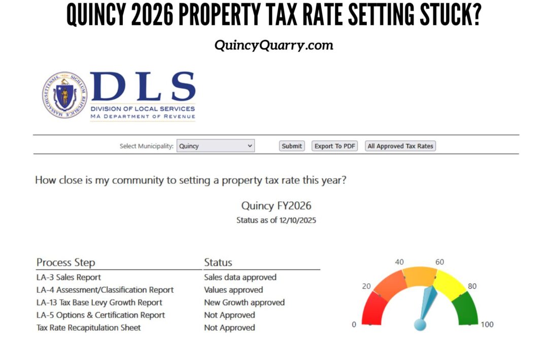 This past Monday’s Quincy City Council meeting of mostly lame duck city councillors was the first time ever that the usual single meeting approval of what needs to be done to approve property tax rates is going to be done over at least two city council meetings.
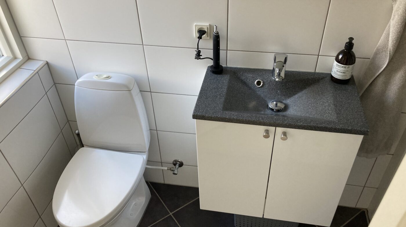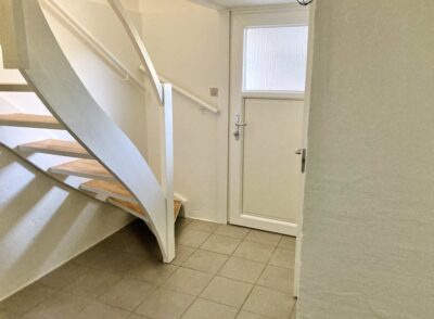 I stueplan er der badeværelse med brus. Flot køkken med alt i hårde hvidevarer, herunder opvaskemaskine. Lys stue med udgang til egen have.
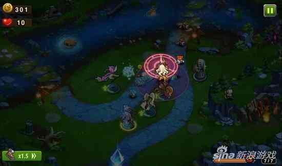 即使在塔防关卡也一样能发动技能,英雄每击杀一个敌方单位就会获得部分能量,当能量满时玩家可手动释放大招。
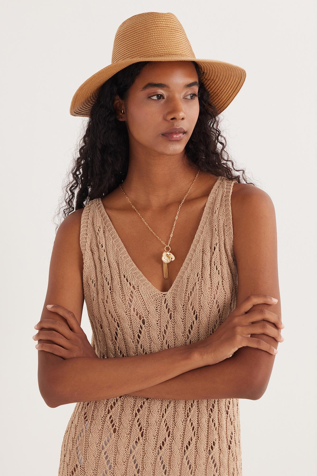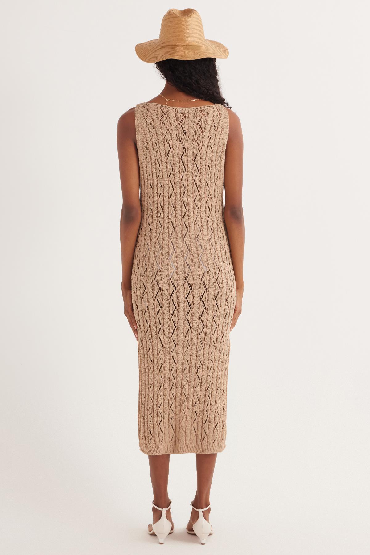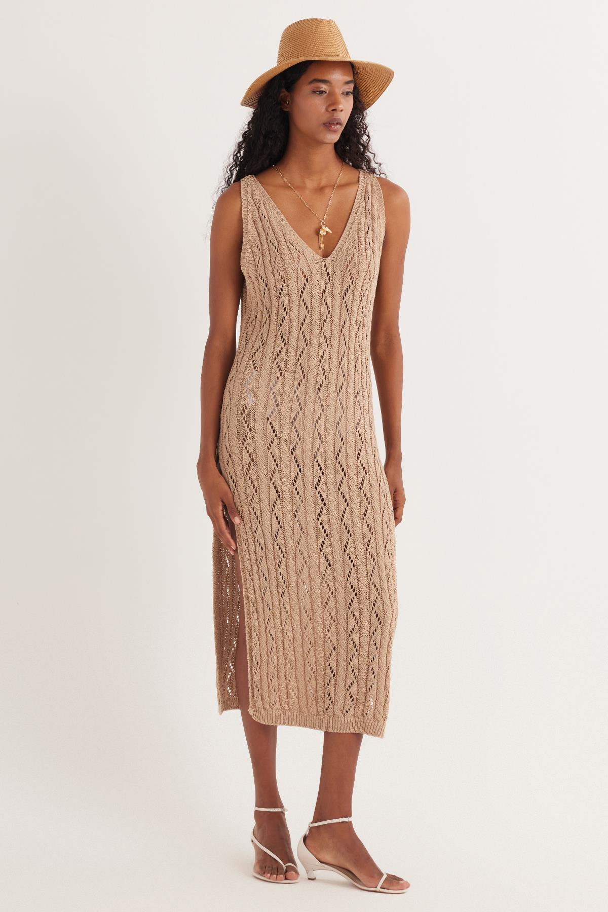 Kadın Standart Fit Akrilik Örme Desenli V Yaka Asklı Kahverengi Plaj Elbise (ELB25029-07)

== Required action ==
Omit the pictures, then copy out all the data exactly as it stands.

== Final answer ==
 This past Monday’s Quincy City Council meeting of mostly lame duck city councillors was the first time ever that the usual single meeting approval of what needs to be done to approve property tax rates is going to be done over at least two city council meetings.
 I stueplan er der badeværelse med brus. Flot køkken med alt i hårde hvidevarer, herunder opvaskemaskine. Lys stue med udgang til egen have.
 即使在塔防关卡也一样能发动技能,英雄每击杀一个敌方单位就会获得部分能量,当能量满时玩家可手动释放大招。
 Kadın Standart Fit Akrilik Örme Desenli V Yaka Asklı Kahverengi Plaj Elbise (ELB25029-07)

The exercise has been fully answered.